At the request of Bishop Thomas Grant, Moore and four other sisters left London on 17 October 1854 to nurse sick and wounded British Army soldiers in Crimea. Their departure preceded that of Florence Nightingale, but at Grant's request they remained in Paris so that the Nightingale party could join them. While in Paris, Moore visited hospitals there to study nursing practice and gathered surgical supplies and instruments that later proved very useful at the field hospitals in Crimea. On 4 November the groups arrived in Constantinople, and Moore took charge of the stores, kitchens and the orderlies of these departments.

Nightingale's party and the other sisters took charge of the old Turkish barracks converted into a makeshift hospital with 2,500 wounded. Moore was later assigned to the barracks hospital in Scutari, Turkey in 1855, nursing victims of an outbreak of cholera alongside other Sisters of Mercy such as Mother Mary Francis Bridgeman and Sister Aloysius Doyle. On 28 April 1856, she returned to London after a serious illness. Nightingale acknowledged her indebtedness to Moore's nursing duties and paid tribute to her qualities in a letter from Balaclava. Moore and Nightingale would have a lifelong friendship. Moore is included in the painting The Mission of Mercy by Jerry Barrett which depicts Nightingale receiving a wounded soldier at the Barrack Hospital.

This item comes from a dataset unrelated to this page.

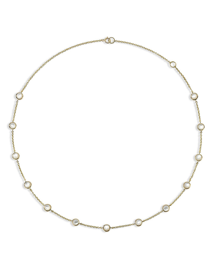 This 18K Yellow Gold Lollipop® Mother of Pearl Station Collar Necklace by Ippolita exudes timeless elegance. From the Lollipop® collection, the necklace features iridescent mother-of-pearl stones that cast a glossy sheen. Its adjustable chain and radiant design make it a must-have piece for both everyday sophistication and special occasions.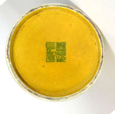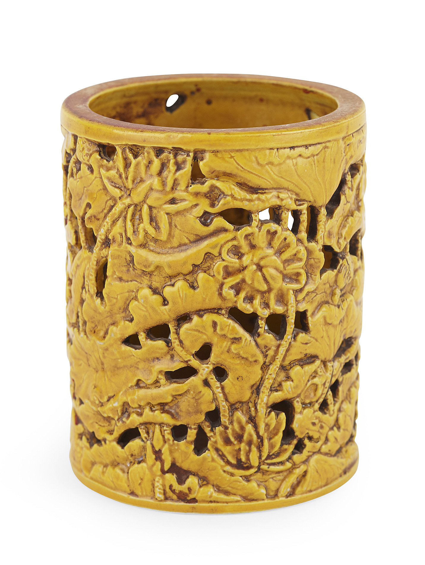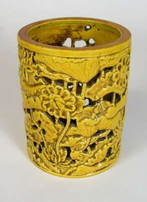 CHINESE PIERCED YELLOW GLAZE BRUSH POT

In 1868, Moore oversaw the publication of The Practical Sayings of ... Catherine McAuley. Moore died in the Convent of Mercy, Bermondsey on 13 December 1874, and is buried in the convent cemetery. While Moore was dying, Nightingale wrote that "It is we who are left mother-less when she goes."

==Foundations==
Moore founded eight convents in England:
- Chelsea (1845)
- Bristol (1846)
- Brighton (1852)
- St John's and Elizabeth's Hospital
- London (1856)
- Wigton (1857)
- Abingdon (1860)
- Gravesend (1860)
- Clifford (1870)
- branch convent and House of Mercy in Eltham (1874)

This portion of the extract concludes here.